On the attack of the Libyan consulate and death of Ambassador Chris Stevens:

  • Biden: I can make absolutely two commitments to you and all the American people tonight. One, we will find and bring to justice the men who did this. And secondly, we will get to the bottom of it, and whatever — wherever the facts lead us, wherever they lead us, we will make clear to the American public, because whatever mistakes were made will not be made again. ...

    This lecture on embassy security, the congressman (Ryan) here cut embassy security in his budget by $300 million below what we asked for, number one. So much for the embassy security piece.

    Number two, Governor Romney, before he knew the facts, before he even knew that our ambassador was killed, he was out making a political statement which was panned by the media around the world.

  • Ryan: If we're hit by terrorists we're going to call it for what it is, a terrorist attack. Our ambassador in Paris has a Marine detachment guarding him. Shouldn't we have a Marine detachment guarding our ambassador in Benghazi, a place where we knew that there was an Al Qaida cell with arms?
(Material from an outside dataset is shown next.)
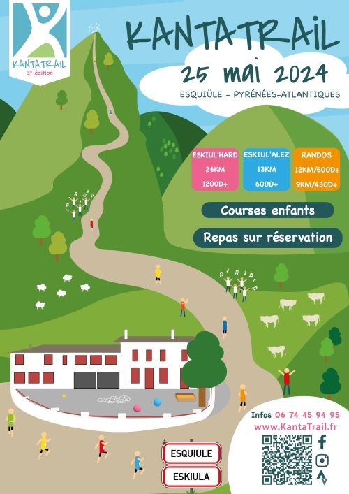 📅 Bloquez votre samedi 17 mai 2025, 🏃 le KantaTrail revient à Esquiüle pour une quatrième édition ! ⛰️ Tout au long des parcours, vous pourrez profiter des magnifiques panoramas sur la chaîne des Pyrénées 🤩 et de l'ambiance apportée par nos groupes de chanteurs 🗣️🎶. On conserve bien sûr la formule qui a fait le succès de la première édition du KantaTrail, tout en l’améliorant. Les parcours seront sensiblement les mêmes avec quelques améliorations et surprises supplémentaires !
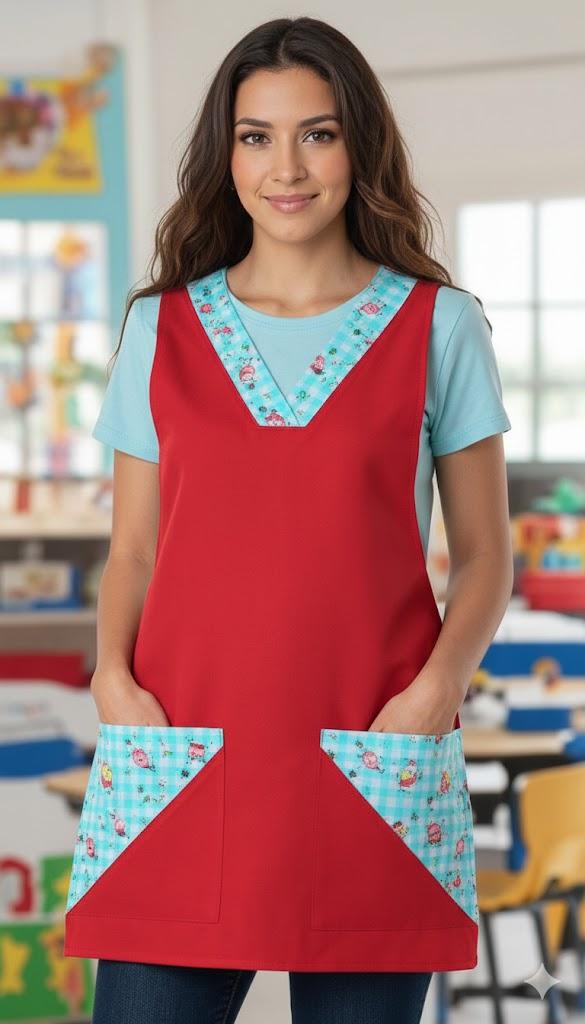 Casulla pico color rojo, dos bolsillos estampados.

    This is becoming more troubling by the day. They first blamed the YouTube video. Now they're trying to blame the Romney-Ryan ticket for making this an issue. ...

    This Benghazi issue would be a tragedy in and of itself, but unfortunately it's indicative of a broader problem. And that is what we are watching on our TV screens is the unraveling of the Obama foreign policy, which is making the (inaudible) more chaotic us less safe.